Renewed concerns about credit markets and a slide in the U.S. dollar hurt some Asian financial and technology stocks Tuesday, but higher metals prices pushed Australian shares to close at a record high.
The International Monetary Fund said on Monday that turmoil in global credit and money markets was likely to continue as investors worry about the size of financial losses and where they might arise. Citigroup and other banks in the U.S. fell on fears there could be more upheaval from the subprime mortgage sector after Deutsche Bank said it might take a $2.4 billion hit to its quarterly profit as a result of the credit market turmoil.
Australian shares rose 0.5% to set a second straight record closing peak, largely bolstered by gains in top miner BHP Billiton on stronger base metal prices. However, Woodside Petroleum fell on softer oil prices and an analyst downgrade, while gold miners dropped after the price of the precious metal fell.
Tokyo's Nikkei 225 Average pared earlier losses to finish higher as shipping shares such as Marubeni gained on earnings hopes while Toyota Motor rose on a news report about its plan to launch a fuel-efficient ultra-compact car in Europe.
Singapore's Straits Times Index closed 0.4% lower.
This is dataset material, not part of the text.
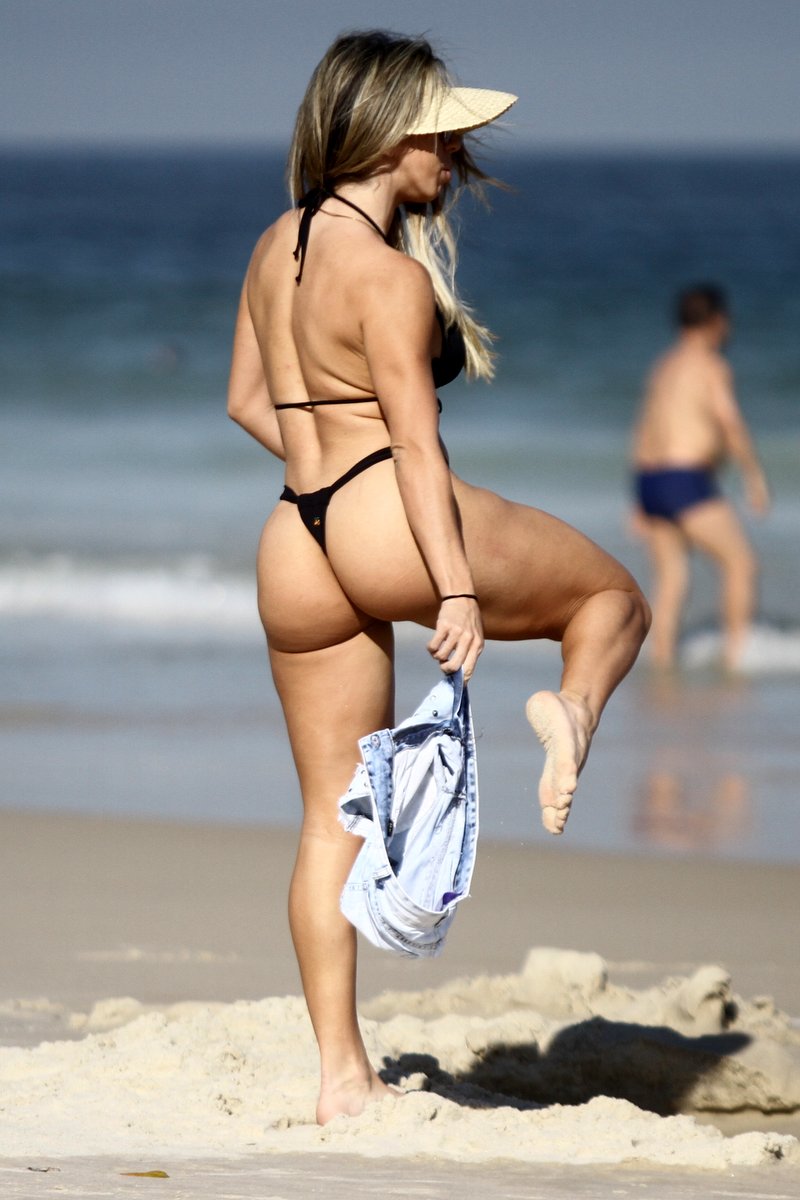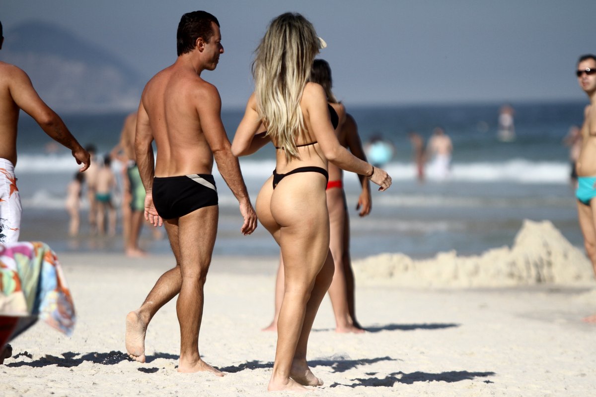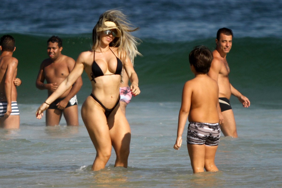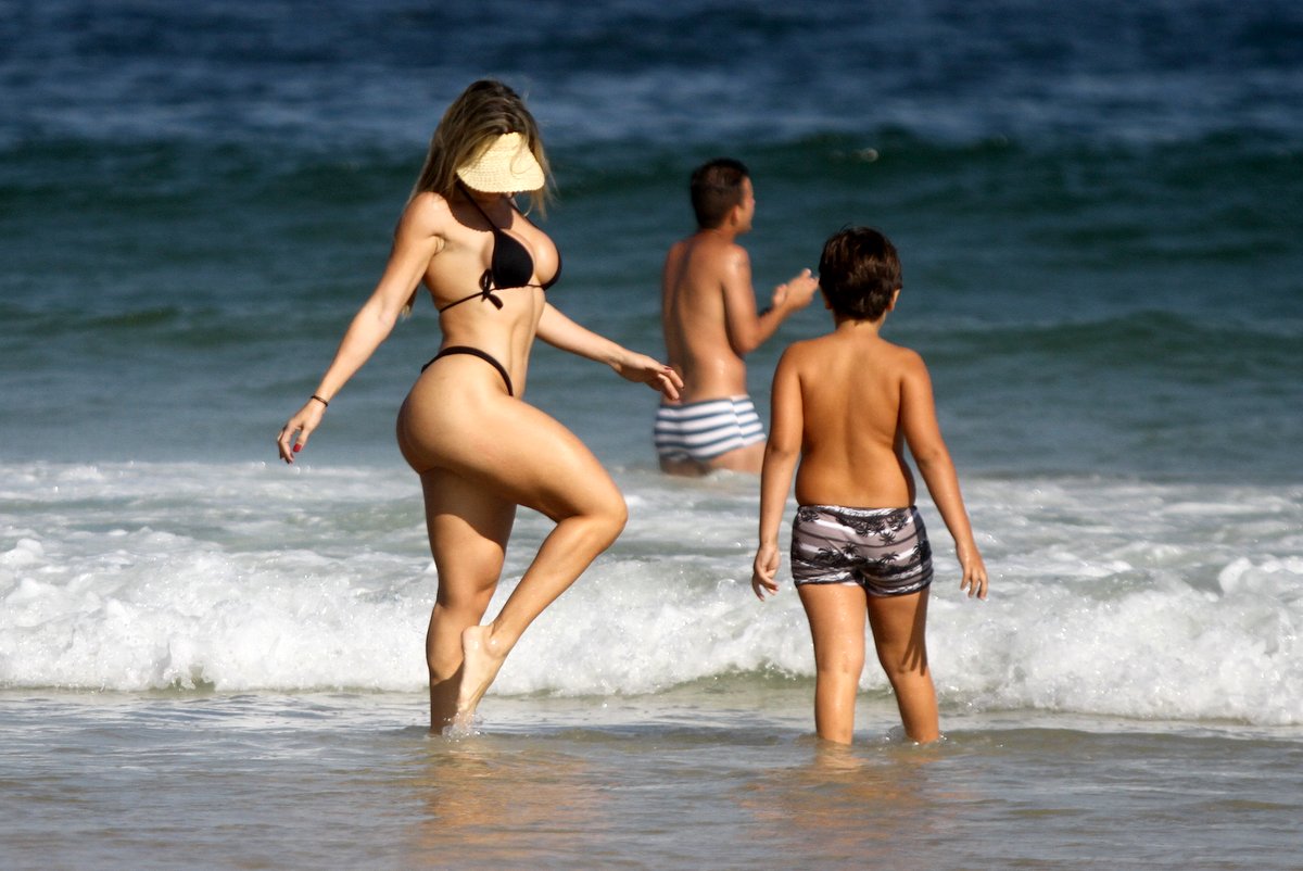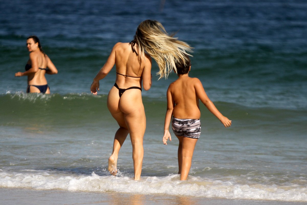 Andrea de Andrade resolveu tirar o dia para brincar na praia com o filho, Rinaldo, de 7 anos. Enquanto se divertia com o garoto na Praia da Barra da Tijuca, no Rio de Janeiro, o que chamou a atenção dos marmanjos e fotógrafos de plantão foi o fio-dental da loira de 27 anos.

DBS Bank's Chief Executive Officer Jackson Tai resigned on Monday after a run of bad news battered the company's share price, leaving an unfulfilled quest to make the bank a big Asian player.
The Hong Kong Hang Seng finished 0.5% lower as China Mobile jumped to a lifetime high amid restructuring talk and after brokers upgraded the stock's price target. Shares of Hong Kong-listed airlines fell sharply as expectations of an industry restructuring waned after Cathay Pacific Airways and Air China's parent company aborted a plan to buy shares in China Eastern Airlines.
Chinese stocks closed 1.1% lower, with the debut of China Construction Bank soaking up liquidity and the fall in Chinese airline shares.